By Jim Gilles
Los Angeles, CA (The Hollywood Times) 8/15/21 – Screening at Outfest 2021 on Sunday, August 15, is a new film from Joseph Sackett, Homebody (2021), a genderqueer body-transfer absurdist comedy. Nothing is quite as special as a child’s relationship with their babysitter, and nine-year-old, gender-queer Johnny is obsessed with theirs – so much so that they’ve meditated their spirit right into her body! But when Mom comes home early, Johnny must navigate the outside world as an adult woman (clothes, make-up, horny would-be boyfriends, witnessing childbirth as a doula). In this utterly charming Freaky Friday meets Being John Malkovich fantasy, Joseph Sackett explores gender expression with pure wonder through a fresh and whimsical lens in his hilarious and touching feature debut.
Homebody started out a short film that Sackett made a few years before called I Was in Your Blood, a short about a little boy named Tre who falls in love with his babysitter Melanie (Colby Minifie). Although, of course, this is like a nine-year-old’s version of love, so it’s not “I want you, it’s more “I want to be you.” And at the end of that short, he has a dream about going into her body. Sackett explains: “I didn’t have any intention of expanding that short into anything bigger. But I really enjoyed writing and working in that world, remembering how much I loved my babysitters as a kid.

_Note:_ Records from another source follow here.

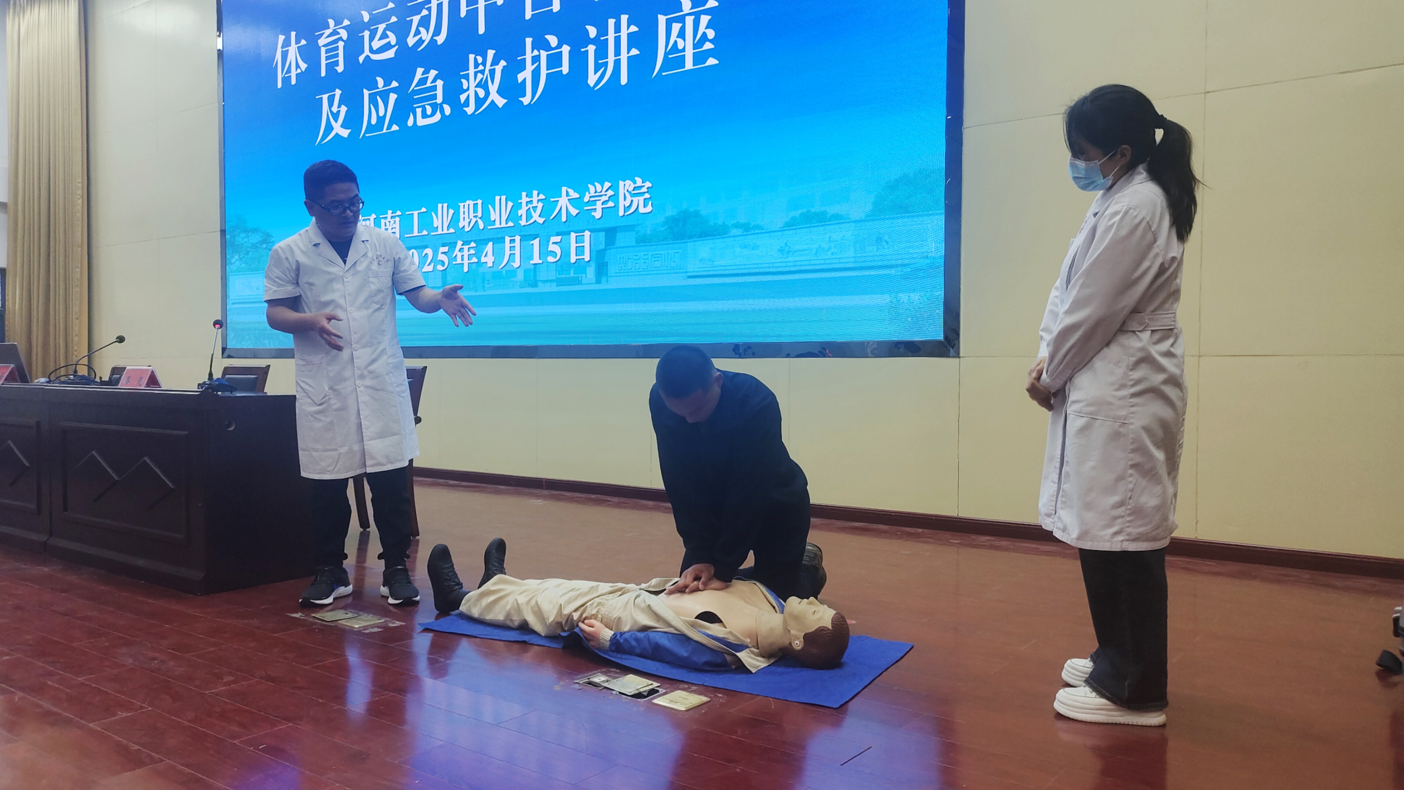 讲座分为两个部分。第一部分由建筑工程学院团总支书记朱宗海为大家系统讲解赛前心理调适、运动状态调整技巧、运动损伤的预防措施,助力同学们以最佳身心状态迎接比赛挑战;第二部分由校医院医务科科长路超聚焦现场应急救护技能,通过理论结合实操演示,让大家掌握关键时刻的急救方法。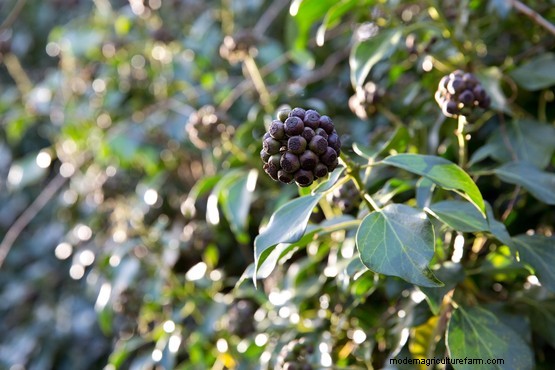 When ivy grows up, as opposed to horizontally, it will flower and fruit. The flowers are a nectar-rich, important autumn food for insects and the berries provide a rich source of protein for birds.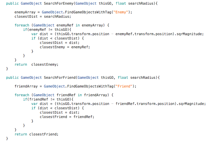 The point of this script is to handle movement related tasks. Searching is separated into its own script that can search for a friend or enemy. This can easily be expanded to search for groups, home bases, landmarks, etc.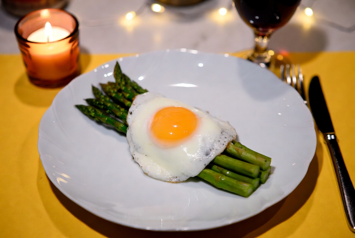 asparagus, candle, cooking, dining, dinner, evening, food, fresh, fried egg, gourmet, healthy, kitchen, light, meal, nutrition, plate, recipe, simple, tasty, vegetables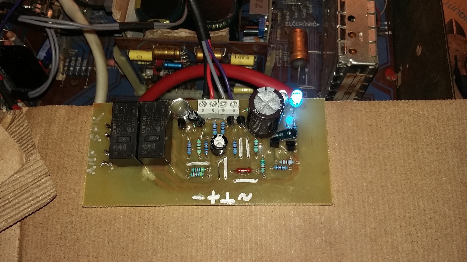 Elkészült a relés hangszóróvédelem modul is a VF2 projekthez. Nem volt könnyű helyet találni neki, de megoldottam.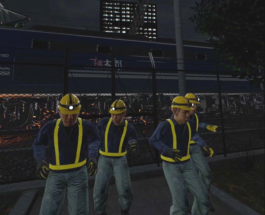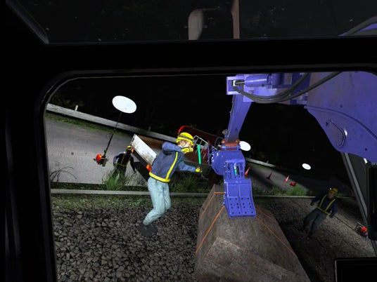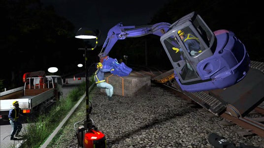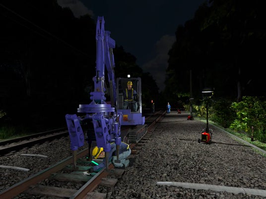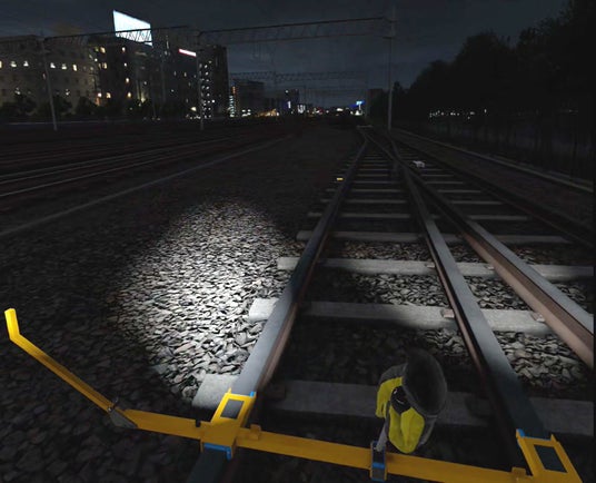 夜間のレール交換作業終了時、軌道検測装置等の資機材を線路上に置き忘れたまま線路開通確認を終了してしまうシナリオです。 照明の当て方や確認の不徹底が、貨物列車との衝突(限界支障)を招く恐怖を体験し、点検の重要性を学びます。

At some point, I thought what if we did the Being John Malkovich version of the story where instead of just dreaming about going into his babysitter’s body this little boy actually gets to do that.” Sackett feels that as child he felt genderqueer, sometimes feeling like a boy and sometimes like a girl. Of course, a young child does not have the vocabulary to explain those feelings. “Homebody is me processing those complicated emotions from my childhood, and also having some fun in this playful, wish-fulfillment fantasy space.”
The script evolved in a collaborative way with much input from the actors, especially Colby Minifie, the main actress who plays the babysitter. Some of my favorite lines in the movie happen in voiceover when Johnny’s consciousness and Melanie’s consciousness are talking to each other inside of her head. In some scenes, the actors were allowed to improvise. Sackett wanted his feature film to lead to a happy ending, despite the turmoil about identity that many children experience. “I wanted to honor how difficult and confusing it is to be a young person, but I also wanted to celebrate the thrill of self-discovery and of transgressing gender boundaries.” There are so many movies about body swapping, because the fantasy of experiencing the world through someone else’s eyes is one of the deepest and most basic pleasures of cinema. Much of the pleasure of this film is entering into that experience of body-swapping through the eyes of young Tre (Tre Ryder).